== PROBLEM DESCRIPTION ==
Copy the lines below exactly, starting at the one with "Шар фольгированный гелиевый" and ending at the one with "With 1.25 million square", and leave out any picture.
-- SUPPLIED DATA follows --
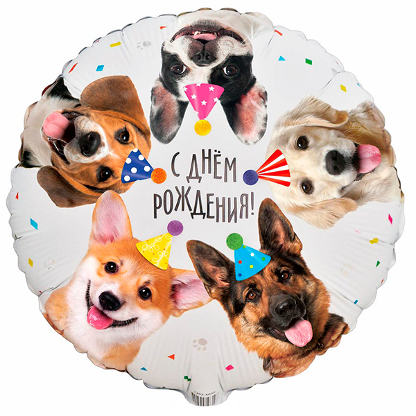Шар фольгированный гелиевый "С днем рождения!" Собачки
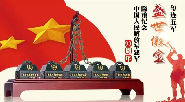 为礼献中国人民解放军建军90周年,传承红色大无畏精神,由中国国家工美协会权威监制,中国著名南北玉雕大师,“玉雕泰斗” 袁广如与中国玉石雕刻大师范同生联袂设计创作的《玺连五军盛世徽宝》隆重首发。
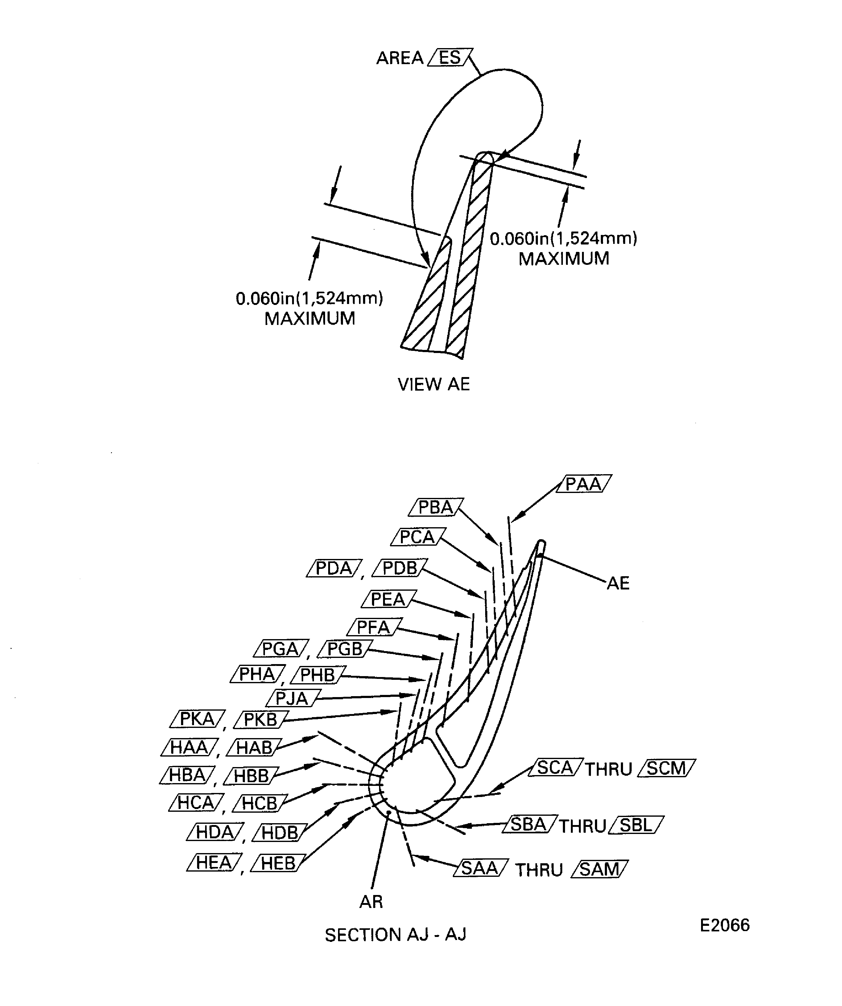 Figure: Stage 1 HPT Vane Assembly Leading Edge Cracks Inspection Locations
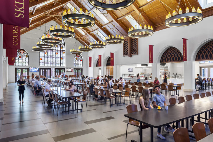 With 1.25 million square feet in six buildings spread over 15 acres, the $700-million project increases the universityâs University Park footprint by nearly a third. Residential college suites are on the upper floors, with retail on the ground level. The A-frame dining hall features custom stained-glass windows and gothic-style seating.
-- SUPPLIED DATA concluded --
-- SUPPLIED DATA follows --
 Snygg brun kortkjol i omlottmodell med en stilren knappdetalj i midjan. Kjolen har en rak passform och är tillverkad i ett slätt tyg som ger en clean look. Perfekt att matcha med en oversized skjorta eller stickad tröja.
-- SUPPLIED DATA concluded --
== ANSWER TO THE EXERCISE ==
Шар фольгированный гелиевый "С днем рождения!" Собачки
 为礼献中国人民解放军建军90周年,传承红色大无畏精神,由中国国家工美协会权威监制,中国著名南北玉雕大师,“玉雕泰斗” 袁广如与中国玉石雕刻大师范同生联袂设计创作的《玺连五军盛世徽宝》隆重首发。
 Figure: Stage 1 HPT Vane Assembly Leading Edge Cracks Inspection Locations
 With 1.25 million square feet in six buildings spread over 15 acres, the $700-million project increases the universityâs University Park footprint by nearly a third. Residential college suites are on the upper floors, with retail on the ground level. The A-frame dining hall features custom stained-glass windows and gothic-style seating.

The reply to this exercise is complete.